New to Code Club or R?
Take a look at these pages on our website:
Before moving on the the chapter on pipes, I will start with a very brief overview of the book, the RStudio interface, and how to load R packages.
R for Data Science (R4DS)
This excellent book by Hadley Wickham (also author of many of the R packages used in the book!) and Garret Grolemund is freely available online.
The book focuses on the so-called "tidyverse" ecosystem in R. The tidyverse can be seen as a modern dialect of R. Most of its functionality is also contained in “base R” (that which comes shipped with R by default), but it has an improved and more consistent programming interface or “syntax”.
Last year in Code Club, we worked through the material of a number of chapters of the first edition of the book, which was published in 2016.
Since 2016, quite some R development has taken place. A second edition has been online since a couple of months, with completely updated and also restructured contents – we thought it has improved a lot!

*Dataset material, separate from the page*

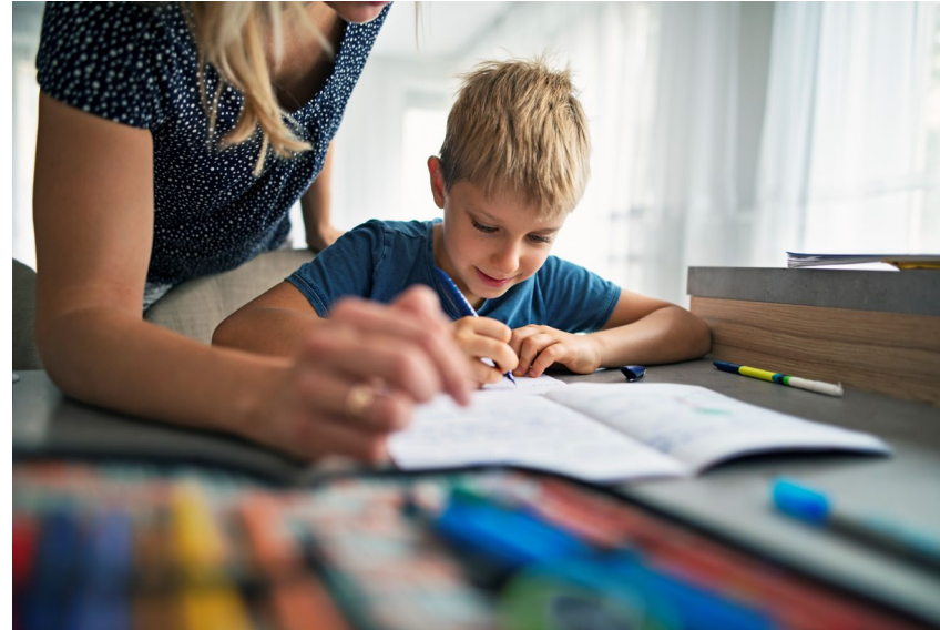
Photo is for illustrative purposes only. Any person depicted in the photo is a model.

This new edition is not completely finished yet, so you’ll find notifications like these at the top of each chapter:
We decided not to restart at the beginning of the book for this semester. We hope this won’t make it too challenging for beginners to join us. Especially in the first sessions, we’ll make sure to explain all code, including things that were covered last semester.
What’s in the book
The introductory chapter of the book has this figure to show the data science process and what the book will cover:
In terms of what the book does not cover, it may especially be surprising for a book about data science that it contains very little material on statistics (even less so in the second edition, now that there is a companion book “Tidy Modeling with R” on that topic).
Getting Up and Running
RStudio interface
R itself simply provides a “console” (command-line interface) where you can type your commands. RStudio, on the other hand, allows you to see the R console side-by-side with your scripts, plots, and more.
Once you have a running instance of RStudio, create a new R script by clicking File
> New File
> R Script
. Now, you should see all 4 “panes” that the RStudio window is divided into:
- Top-left: The Editor for your scripts and other documents (hidden when no file is open)
- Bottom-left: The R Console to interactively run your code (+ other tabs)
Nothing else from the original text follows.